How do they do this he asks? His answer, “They build a culture…set by their behavior” (character).

He also notes that “it takes five to seven years for a principal to have full impact on a school….When you learn about successful principals, you keep coming back to character traits they embody and spread: energy, trustworthiness, honesty, optimism, determination, and promotes a collaborative power structure.”

In bold type he writes a key finding from researchers who studied principals in 180 schools across nine states and concluded, “We have not found a single case of a school improving its student achievement record in absence of talented leadership.”

Brooks concludes, “We went through a period when we believed you could change institutions without first changing the character of the people in them. But we were wrong. Social transformation follows personal transformation.”

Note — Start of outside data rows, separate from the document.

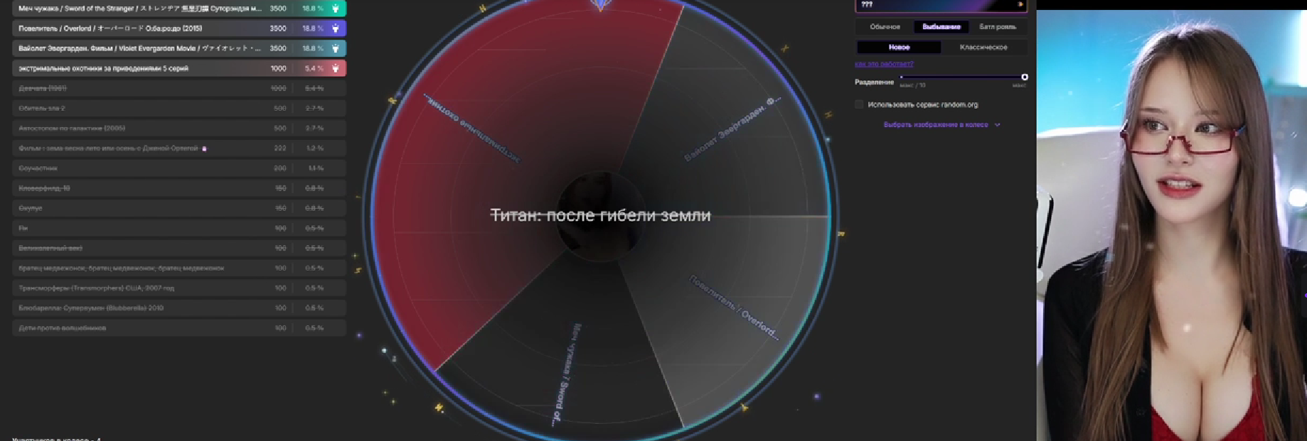 у одной мелкостримерши заметли интересный аук, там все варианты имеют равный шанс вылететь, и только когда останутся два, решает, сколько на какой занесли Очень годно, на самом деле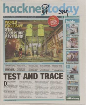 Sold with five copies of 'Hackney Today' newspaper, 21 September 2020, in which they were distributed. One copy signed 'STIK' with a sketch on the front page.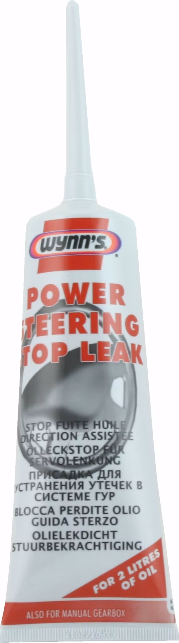 Stop Leak är ett oljelösligt supplement. Är till för de bilar som har problem med läckande servostyrning eller som rycker/hackar när man vrider på ratten. Produkten rengör kanalerna från smuts och partiklar som stör oljeflödet i styrservon. Perfekt produkt mot trög servostyrning. Förebygger och stoppar oljeläckage utan isärtagning. Stoppar oljeläckage av servoolja och rengör kanalerna i servosystemet från smuts och partiklar. Reducerar oljud och hjälper mot trög, hackande servostyrning vid rattutslag. Varmkör motorn. Tillsätt tubens innehåll i servobehållaren - överfyll inte. Varmkör dagligen i minst 4-5 dagar för att uppnå effekt. Ratta mycket. Alternera fullt rattutslag på både vänster och höger sida i minst 4-5 dagar. TÄNK PÅ! Produkten kan användas när som helst under ett oljebytesintervall. Wynn´s Power Steering Stop Leak är blandbar med Dexron 2, Dexron 3, Dexron 6, LHM, Citroën, Ford och oljor med motsvarande specifikationer. Den är också blandbar med servooljor G 002 000 till VW, Audi, Seat, Skoda, Porsche, BMW, Mercedes, Saab, Volvo och andra märken med motsvarande oljespecifikationer.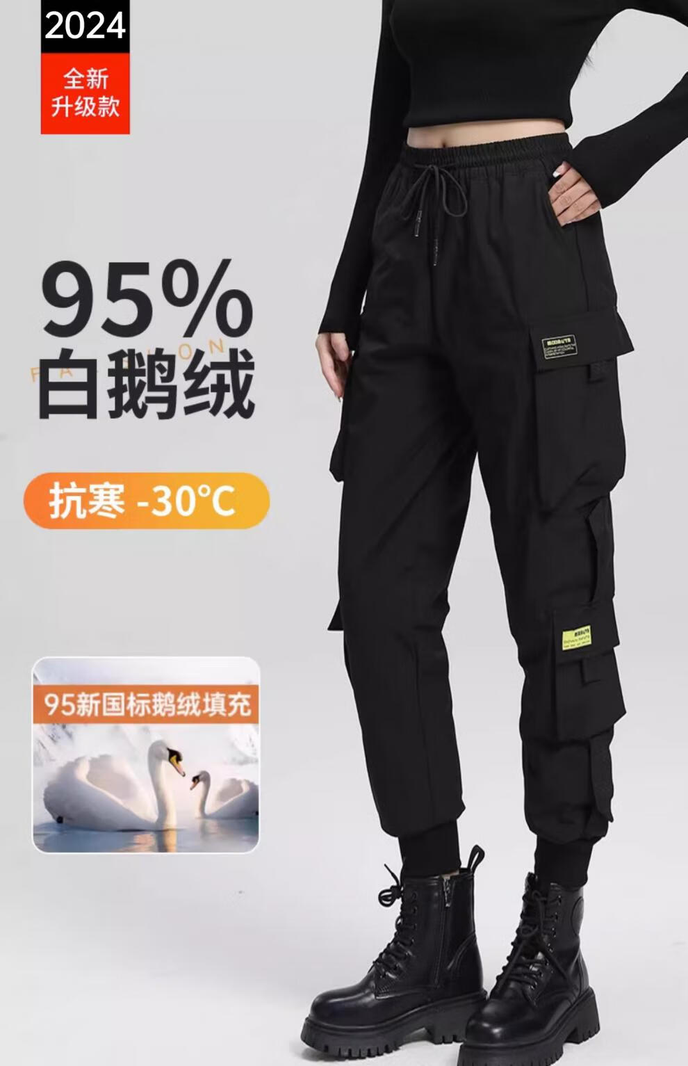 TKSY Goose Down Workwear Down Pants Women's Outerwear Cotton Pants Winter 2026 New Waterproof Northeast Minus 40 Coldproof Charge Pants Black Workwear/Style Full Body 95% White Goose Down XL 110-120Jin Jin is equal to 0.5 kg

The question for current school principals posed by Baruti K. Kafele, an award- winning former urban principal in New Jersey: “Is my school a better school because I lead it?”

His answer:

“It’s my strong belief that to lead your school forward, you must consider this question daily. To answer this question affirmatively, you must be absolutely clear about who you are as the school leader, what your mission is, what purpose drives your work, and how you envision the future of your leadership and school. These characteristics determine who you are, what you’re about, why you’re about it, and where you are going. They serve as a mirror for why you do this work in the first place. You must lead your school with the confidence to say, ‘Yes, my school is, in fact, a better school because I lead it.’ And when you do, students win.”